Si viene a sapere dell’arrivo di questo grande regista e c’è una grande agitazione. Il marito di
Dietrich (che era stato regista e ora era produttore) suggerisce alla moglie l’atteggiamento di non
mettersi in mostra, perché tutte le altre saranno sopra le righe per attirare le attenzioni di Sternberg.
Lei avrebbe dovuto mostrarsi con una sorta di naturalezza e sfacciatezza senza mettersi in mostra.
Così avviene perché Sternberg la notò subito per questa stranietà e le chiede un provino (che
abbiamo perché è stato conservato).

Cf. video del provino: grande sfacciataggine e goffaggine (consapevole e costruita, di cui gestisce
gli effetti perché è un continuo gioco di contrasti).
LOLA LOLA nell’Angelo azzurro, una delle pellicole più famose (a livello mondiale e della storia
del cinema). Ha lanciato Marlene Dietrich e Lola Lola è proprio un personaggio così.

Il film prende le mosse da un libro di Heinrich Mann (Il professor Unrat o la fine di un tiranno,
1905). Angelo azzurro è il nome di un locale notturno dove si esibisce la soubrette Lola Lola (un
locale in cui si mangia, beve e si fa spettacolo). Lola Lola incarna perfettamente questo nome di
angelo azzurro, per questa immagine così seducente e ideale.
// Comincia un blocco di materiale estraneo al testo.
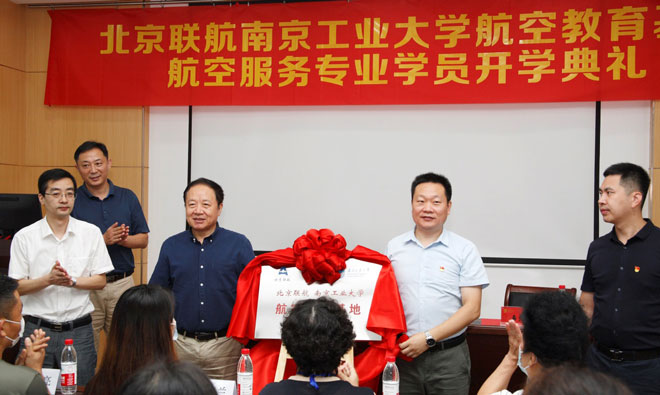 2020年8月30日,北京聯(lián)航南京工業(yè)大學(xué)航空教育基地揭牌暨開班典禮在南京工業(yè)大學(xué)舉行。南京工業(yè)大學(xué)副校長(zhǎng)李世收、北京民用聯(lián)合航空有限公司副總經(jīng)理馬少紅、南京工業(yè)大學(xué)繼續(xù)教育學(xué)院院長(zhǎng)方建強(qiáng)、北京民用聯(lián)合航空有限公司培訓(xùn)部主任徐磊等領(lǐng)導(dǎo)出席會(huì)議。首屆招生的59名航空服務(wù)專業(yè)學(xué)員及北聯(lián)航的工作人員參加了揭牌儀式并舉行了開班典禮。揭牌儀式和開班典禮由南京工業(yè)大學(xué)繼續(xù)教育學(xué)院副院長(zhǎng)劉建東全程主持。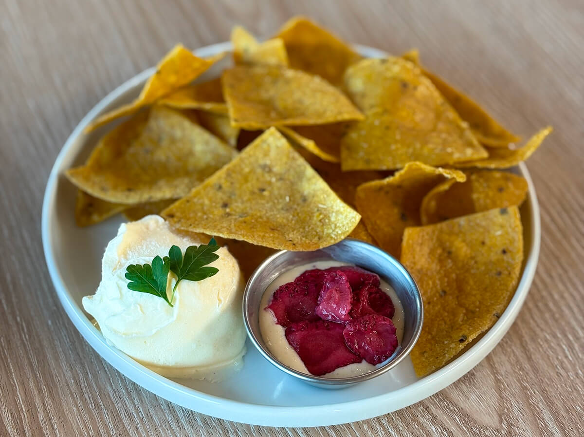 普段は単品メニューとして販売していないグルテンフリートルティーヤチップスをあまりんとクリームチーズのディップでお楽しみいただけるようご用意しました。キタデタコスならではの「あまじょっぱい一品」を、この機会にぜひお楽しみください。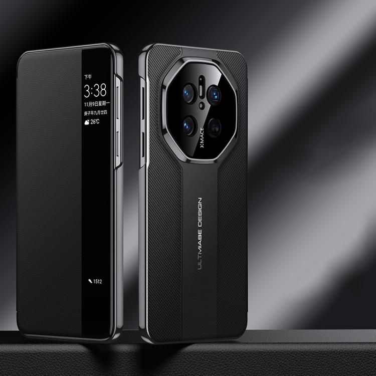 Funda para Teléfono Huawei Mate 70 Smart View con Diseño Imitación Ventana (Negra)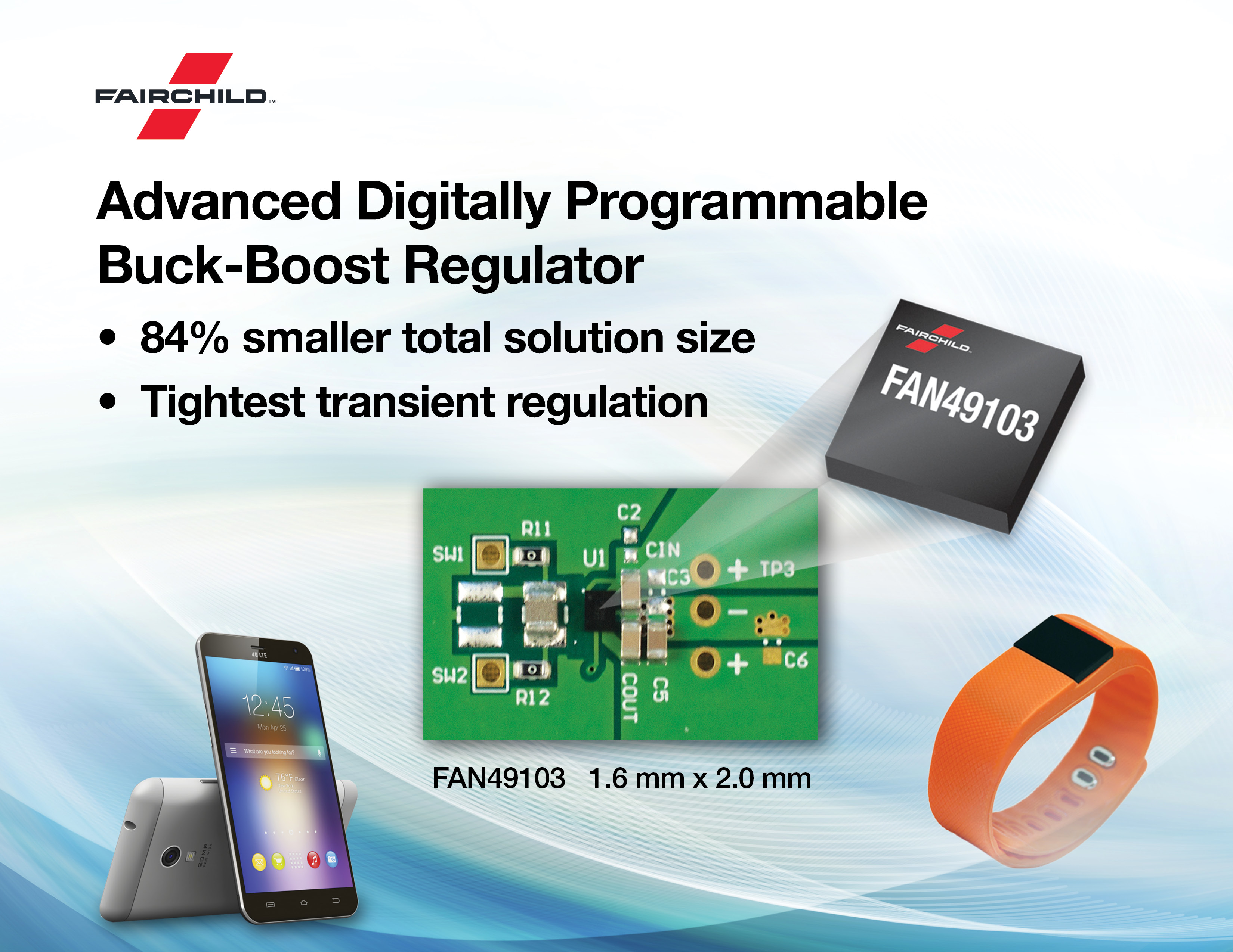 本日(2016年9月2日)、フェアチャイルドセミコンダクタージャパン株式会社(本社:東京都渋谷区、社長:神戸 肇、以下フェアチャイルド・ジャパンと略)は、スマートフォンやタブレット、その他バッテリーを電源とする民生向けモバイル機器用途に、デジタルでプログラム可能な最先端のバックブースト・レギュレーターの新製品「FAN49103」 https://www.fairchildsemi.co.jp/products/power-management/non-isolated-dc-dc/buck-boost-regulators/FAN49103.html?utm_source=press_release&utm_medium=PR&utm_term=&utm_content=link-FAN49103-pf&utm_campaign=mobile-pwr2016 を発表しました。これは、既に好評を得ている「FAN49100バックブースト・レギュレーター」ファミリーへの追加/拡充となります。「FAN49103」は最高の電力密度、最小の実装面積、負荷/ライン電圧の変動に対する優れた過渡応答特性、クラス最高のリップル性能、さらにこれらの組み合わせをもって、上記機器の電源において不可欠な要件を満たします。

Il professor Unrat è un insegnate di inglese che si reca nel locale per proibire le rappresentazioni,
ma si innamora di Lola Lola al punto di volerla sposare e seguirla con la sua compagnia. Ci saranno
inconvenienti perché Lola Lola non è quell’angelo che sembrava, ma è un’artista che per la vita che
fa è effimera e fugace e abbandonando tutto si troverà coinvolto in vicende che arriveranno a un
tragico finale.

Nel film la staffetta passa a Lola Lola, poiché è lei il fulcro (non il professore come nel romanzo).
Marlene riproduce tutti gli elementi che conosce per questo personaggio. Il regista lavora su tratti di
erotismo crudele.

Emil Jannings: interpreta il professor Unrat ed è un attore molto noto. Egli è un attore di film muto
ma che poteva anche essere una garanzia per la diffusione e il successo del film.

Le caratteristiche di Marlene sono sempre quelle: una grande scioltezza con cui entra nella canzone
e ne esce. Ciò fa da contorno a quello che accade attorno: il pubblico guarda lo spettacolo e intanto
ordina da mangiare ad alta voce, i cambi scena a vista, i camerieri che fanno rumore, i riflettori in
scena affinché vengano azionati a vista. L’ambiente è incongruente, è tutto anti illusionistico.
Questo agevola Dietrich ad entrare e uscire dal suo personaggio, e ciò la rende interessante.

Il professor Unrat viene intrappolato nella rete della finzione e ne rimane invischiato: è nella cipria,
nei lustrini che si incatena, in tuta l’apparenza che ha di fronte. Dietrich ci fa vedere queste facce in
contrasto: l’illusione e la disillusione.

In seguito al successo ottenuto con l’Angelo azzurro, la Dietrich si trasferisce in America e lavorerà
con Sternberg e la Paramount. Sternberg lavorerà su di lei per renderla un soggetto cinematografico
e lavorerà su alcuni elementi che vengono valorizzati cinematograficamente e marchieranno in
modo indelebile la Dietrich proprio nel modo in cui lotterà con la sua immagine.